A faithful copy is needed of the lines below from the one with "利嘉閣地產東半山跑馬地希慎道" up to and including the one with "Pendant que la"; set it down with no pictures and no other lines.

» Data to use:
___

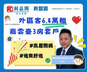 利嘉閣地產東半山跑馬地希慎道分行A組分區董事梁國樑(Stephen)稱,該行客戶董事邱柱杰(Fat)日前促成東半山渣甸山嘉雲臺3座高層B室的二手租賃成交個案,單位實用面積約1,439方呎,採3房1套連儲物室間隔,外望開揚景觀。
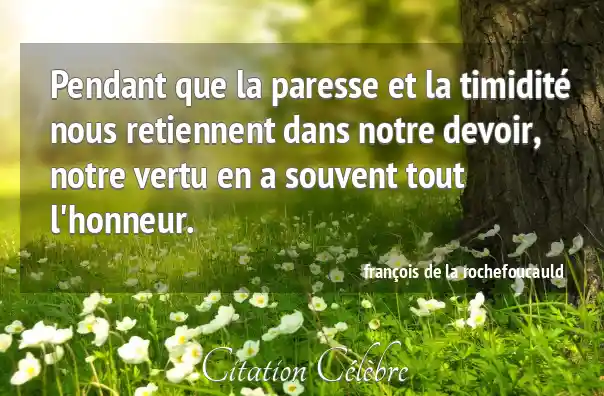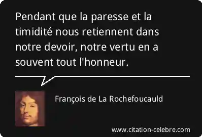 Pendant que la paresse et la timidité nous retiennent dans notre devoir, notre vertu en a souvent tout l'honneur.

___

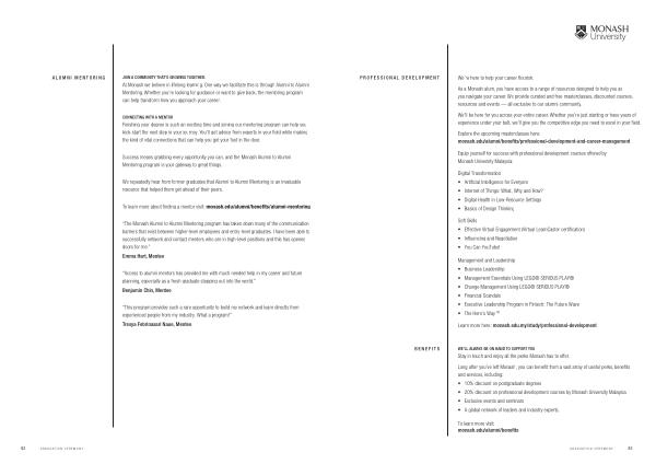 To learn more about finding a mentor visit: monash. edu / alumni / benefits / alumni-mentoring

___

» Solved problem:
 利嘉閣地產東半山跑馬地希慎道分行A組分區董事梁國樑(Stephen)稱,該行客戶董事邱柱杰(Fat)日前促成東半山渣甸山嘉雲臺3座高層B室的二手租賃成交個案,單位實用面積約1,439方呎,採3房1套連儲物室間隔,外望開揚景觀。
 Pendant que la paresse et la timidité nous retiennent dans notre devoir, notre vertu en a souvent tout l'honneur.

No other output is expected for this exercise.